This is the sixth video of our OpenACC programming course based on Appentra’s unique, productivity-oriented approach to learn best practices for parallel programming using OpenACC. Learning outcomes include how to decompose codes into parallel patterns and a practical step-by-step process based on patterns for parallelizing any code. In this video we will learn how to use the OpenACC directives parallel, loop and data.
✉ Subscribe to our newsletter and get all of our latest updates.
- Course overview
- What is OpenACC?
- How OpenACC works.
- Building and running an OpenACC code.
- The openACC parallelization process.
- Using your first OpenACC directives.
- Using patterns to parallelize.
- UPCOMING. Identifying a forall patterns.
- UPCOMING. Implementing a parallel forall.
Using your first OpenACC directives
This course will introduce OpenACC directives incrementally, as they become useful for the porting process. In this video we will learn how to use the parallel, loop and data directives.
By the end of this video you know how to implement your first OpenACC code using a simple example in Parallelware Trainer.
OpenACC Directive Syntax
To use OpenACC you need three key components: a compiler designation, a sentinel and a directive.
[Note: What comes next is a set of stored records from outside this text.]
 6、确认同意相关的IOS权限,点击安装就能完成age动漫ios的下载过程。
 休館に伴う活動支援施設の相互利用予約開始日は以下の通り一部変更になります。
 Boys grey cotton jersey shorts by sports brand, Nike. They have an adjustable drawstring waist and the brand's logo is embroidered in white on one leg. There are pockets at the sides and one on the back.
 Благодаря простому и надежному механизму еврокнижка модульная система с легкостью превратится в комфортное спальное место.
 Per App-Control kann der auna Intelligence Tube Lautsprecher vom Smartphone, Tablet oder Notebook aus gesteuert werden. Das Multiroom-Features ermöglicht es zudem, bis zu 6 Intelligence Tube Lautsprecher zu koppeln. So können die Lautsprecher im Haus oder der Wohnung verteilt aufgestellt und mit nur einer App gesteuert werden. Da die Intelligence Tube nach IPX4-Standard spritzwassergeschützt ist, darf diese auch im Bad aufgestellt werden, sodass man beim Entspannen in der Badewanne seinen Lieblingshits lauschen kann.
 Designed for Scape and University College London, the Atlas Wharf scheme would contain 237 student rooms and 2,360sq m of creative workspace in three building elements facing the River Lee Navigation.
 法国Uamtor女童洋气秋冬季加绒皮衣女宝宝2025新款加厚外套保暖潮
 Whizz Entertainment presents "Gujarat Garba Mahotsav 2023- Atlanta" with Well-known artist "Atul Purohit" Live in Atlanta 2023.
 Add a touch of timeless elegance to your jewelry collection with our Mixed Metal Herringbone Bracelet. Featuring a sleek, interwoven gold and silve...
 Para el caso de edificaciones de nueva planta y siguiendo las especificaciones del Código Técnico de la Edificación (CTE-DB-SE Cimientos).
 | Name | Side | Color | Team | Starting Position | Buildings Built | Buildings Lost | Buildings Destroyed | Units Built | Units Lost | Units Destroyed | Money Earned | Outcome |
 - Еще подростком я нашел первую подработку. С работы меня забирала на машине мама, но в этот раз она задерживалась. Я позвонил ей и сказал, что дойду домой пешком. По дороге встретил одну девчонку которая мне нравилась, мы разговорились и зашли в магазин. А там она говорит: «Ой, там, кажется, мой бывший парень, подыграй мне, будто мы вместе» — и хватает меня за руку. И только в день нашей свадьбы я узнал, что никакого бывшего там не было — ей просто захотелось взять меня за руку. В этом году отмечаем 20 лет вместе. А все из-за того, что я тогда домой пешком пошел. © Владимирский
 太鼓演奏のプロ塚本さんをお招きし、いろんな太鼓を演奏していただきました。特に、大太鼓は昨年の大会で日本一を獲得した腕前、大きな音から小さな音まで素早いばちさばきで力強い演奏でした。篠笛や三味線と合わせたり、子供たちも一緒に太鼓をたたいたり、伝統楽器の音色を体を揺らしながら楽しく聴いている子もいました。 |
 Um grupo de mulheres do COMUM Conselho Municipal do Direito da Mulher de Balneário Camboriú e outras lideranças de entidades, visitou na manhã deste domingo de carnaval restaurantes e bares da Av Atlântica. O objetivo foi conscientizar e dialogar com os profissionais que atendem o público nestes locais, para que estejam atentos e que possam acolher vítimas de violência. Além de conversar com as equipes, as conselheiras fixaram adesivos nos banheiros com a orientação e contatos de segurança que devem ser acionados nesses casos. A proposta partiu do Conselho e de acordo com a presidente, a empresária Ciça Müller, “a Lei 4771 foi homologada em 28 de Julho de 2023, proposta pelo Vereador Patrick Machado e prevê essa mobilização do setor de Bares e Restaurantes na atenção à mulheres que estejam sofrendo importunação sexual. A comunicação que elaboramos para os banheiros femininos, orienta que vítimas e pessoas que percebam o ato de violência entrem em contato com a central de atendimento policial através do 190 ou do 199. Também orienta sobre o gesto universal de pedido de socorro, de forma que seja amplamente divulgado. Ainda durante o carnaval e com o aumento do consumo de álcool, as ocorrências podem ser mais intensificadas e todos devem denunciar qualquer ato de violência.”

The compiler designation, a pragma in C, or an explanation mark (also known as a bang in programming) in Fortran, informs the compiler of something about the code.
The next component, the acc sentinel, tells the compiler that the following text will be OpenACC.
Following the sentinel is the OpenACC directive. The directive may be an executable statement or influence one line or a region of code.
These directives may have clauses, but all must follow the syntax as laid out in the OpenACC standard.
Terminology: gangs, workers and vectors.
Before we learn about directives, we first need to understand a little terminology: specifically gang, workers and vectors. These are the three levels of parallelism that the OpenACC execution model expects. Gang, worker and vector each represent a different level of parallelism and is designed to improve portability by allowing mapping to any architecture that supports multithreading where the threads can perform vector instructions.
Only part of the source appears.